Both CKD stage 5 and death were the events of interest in the Weibull IMID M4. In this three-state model (Fig. 2), each patient was in state 0 at inclusion, i.e. in “pre-CKD stage 5” (mGFR ≥15 mL/min/1.73 m2), and may then have either: i) stayed in state 0 during all the follow-up (no transition), ii) progressed to state 1 (CKD stage 5) without dying thereafter (transition 01), iii) progressed to state 1 and then to state 2 (death) (transitions 01 and 12), iv) progressed directly to state 2 (transition 02). Model M4 which handled interval censoring of time to CKD stage 5, accounted for all these possibilities, including the possibility to have progressed through CKD stage 5 (state 1) in the time interval between a last mGFR measure above 15 mL/min/1.73 m2 (state 0) and death (state 2), as illustrated for patient A in Fig. 1. Note that, as in model M3, death was death before kidney transplantation, thus implying censoring at nonpreemptive kidney transplantation.
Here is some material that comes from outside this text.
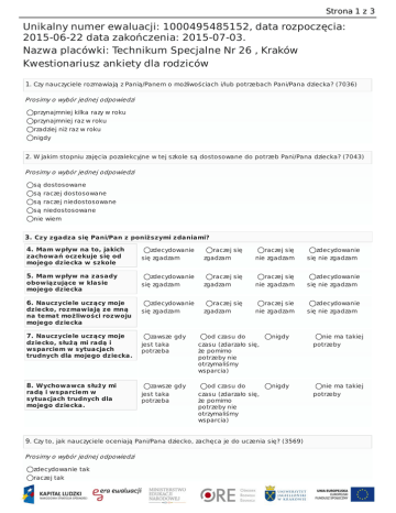 Strona 1 z 3 Unikalny numer ewaluacji: 1000495485152, data rozpoczęcia: 2015-06-22 data zakończenia: 2015-07-03. Nazwa placówki: Technikum Specjalne Nr 26 , Kraków Kwestionariusz ankiety dla rodziców 1. Czy nauczyciele rozmawiają z Panią/Panem o możliwościach i/lub potrzebach Pani/Pana dziecka? (7036) Prosimy o wybór jednej odpowiedzi przynajmniej kilka razy w roku przynajmniej raz w roku rzadziej niż raz w roku nigdy 2. W jakim stopniu zajęcia pozalekcyjne w tej szkole są dostosowane do potrzeb Pani/Pana dziecka? (7043) Prosimy o wybór jednej odpowiedzi są dostosowane są raczej dostosowane są raczej niedostosowane są niedostosowane nie wiem 3. Czy zgadza się Pani/Pan z poniższymi zdaniami? 4. Mam wpływ na to, jakich zdecydowanie się zgadzam raczej się zgadzam raczej się nie zgadzam zdecydowanie się nie zgadzam 5. Mam wpływ na zasady zdecydowanie się zgadzam raczej się zgadzam raczej się nie zgadzam zdecydowanie się nie zgadzam 6. Nauczyciele uczący moje zdecydowanie się zgadzam raczej się zgadzam raczej sie nie zgadzam zdecydowanie się nie zgadzam 7. Nauczyciele uczący moje zawsze gdy jest taka potrzeba od czasu do czasu (zdarzało się, że pomimo potrzeby nie otrzymaliśmy wsparcia) nigdy nie ma takiej potrzeby 8. Wychowawca służy mi zawsze gdy jest taka potrzeba od czasu do czasu (zdarzało się, że pomimo potrzeby nie otrzymaliśmy wsparcia) nigdy nie ma takiej potrzeby zachowań oczekuje się od mojego dziecka w szkole obowiązujące w klasie mojego dziecka dziecko, rozmawiają ze mną na temat możliwości rozwoju mojego dziecka dziecko, służą mi radą i wsparciem w sytuacjach trudnych dla mojego dziecka. radą i wsparciem w sytuacjach trudnych dla mojego dziecka. 9. Czy to, jak nauczyciele oceniają Pani/Pana dziecko, zachęca je do uczenia się? (3569) Prosimy o wybór jednej odpowiedzi zdecydowanie tak raczej tak Strona 2 z 3 raczej nie zdecydowanie nie 10. Do jakiej części nauczycieli Pani/Pana dziecka pasują poniższe opisy? 11. Nauczyciele chwalą moje do wszystkich do większości do około połowy do do mniej niż żadnego połowy trudno powiedzieć 12. Nauczyciele wierzą w do wszystkich do większości do około połowy do do mniej niż żadnego połowy trudno powiedzieć 13. Nauczyciele dbają o do wszystkich do większości do około połowy do do mniej niż żadnego połowy trudno powiedzieć 14. Nauczyciele szanują moje do wszystkich do większości do około połowy do do mniej niż żadnego połowy trudno powiedzieć 15. Nauczyciele traktują do wszystkich do większości do około połowy do do mniej niż żadnego połowy trudno powiedzieć dziecko częściej niż krytykują. możliwości mojego dziecka. dobre relacje między moim dzieckiem a innymi uczniami. dziecko. wszystkich uczniów równie dobrze. 16. Czy zgadza się Pani/Pan z poniższym zdaniem? 17. Moje dziecko chętnie raczej tak raczej nie zdecydowanie trudno nie powiedzieć chodzi do szkoły. zdecydowanie tak 18. Mam możliwość zdecydowanie tak raczej tak raczej nie zdecydowanie nie 19. Wiem, w jaki sposób zdecydowanie tak raczej tak raczej nie zdecydowanie nie współdecydowania o ważnych sprawach szkolnych? mogę się zaangażować w pracę szkoły. 20. Czy Rada Rodziców przekazuje Pani/Panu informacje na temat decyzji podejmowanych z udziałem rodziców? (6383) Prosimy o wybór jednej odpowiedzi tak, jestem informowana/y na bieżąco tak, jestem informowana/y, ale sporadycznie nie, nie otrzymuję takich informacji 21. Czy w tym lub poprzednim roku szkolnym współuczestniczył/a Pan/i w podejmowaniu decyzji dotyczących życia szkoły? (8957) Prosimy o wybór jednej odpowiedzi tak nie 22. Czy w tym lub poprzednim roku szkolnym zgłaszała/ł Pani/Pan propozycje działań, które dotyczyły uczniów i szkoły? (9497) Strona 3 z 3 Prosimy o wybór jednej odpowiedzi tak nie 23. [jeśli tak] Czy któreś z tych propozycji zostały zrealizowane? (8962) Prosimy o wybór jednej odpowiedzi tak (proszę wymienić zrealizowane propozycje) nie

All models included sex, baseline age (in years), baseline log of protein/creatinine ratio (PCR in mg/mmol) and baseline mGFR (in mL/min/1.73 m2). Proportional hazard assumption on each transition (01, 02, and 12) was checked graphically for each variable as suggested in Leffondré et al. [8]. Log-linearity assumption for the effect of age, log PCR, and mGFR at inclusion was checked by comparing the results of the model using the continuous variable with the model using indicators of the quartiles of the variables [15].
HRs corresponding to each of these factors were derived from all models M1–M4. Because the IMID M4 has already been shown through simulations to systematically provide better HR estimates than standard models [8], we may assume that its HR estimates should be closer to true HRs. Large differences in HR estimates between the models should therefore indicate major biases of standard methods, and small differences minor biases. Probabilities of progression to CKD stage 5 within the next five years after inclusion were further derived for patients with some given characteristics (sex and values of age, log PCR, and mGFR at baseline) from the standard naïve model M1 and from the IMID M4 using the approach described in Touraine et al. [10]. We may expect differences between estimated probabilities from these two approaches since it is well known that in this context of prediction (i.e. when the aim is to estimate probabilities of event within a given period of time, rather than to estimate HR), the probabilities derived from naïve survival models censoring at the competing event may be largely biased, even when there is no interval censoring issue [16].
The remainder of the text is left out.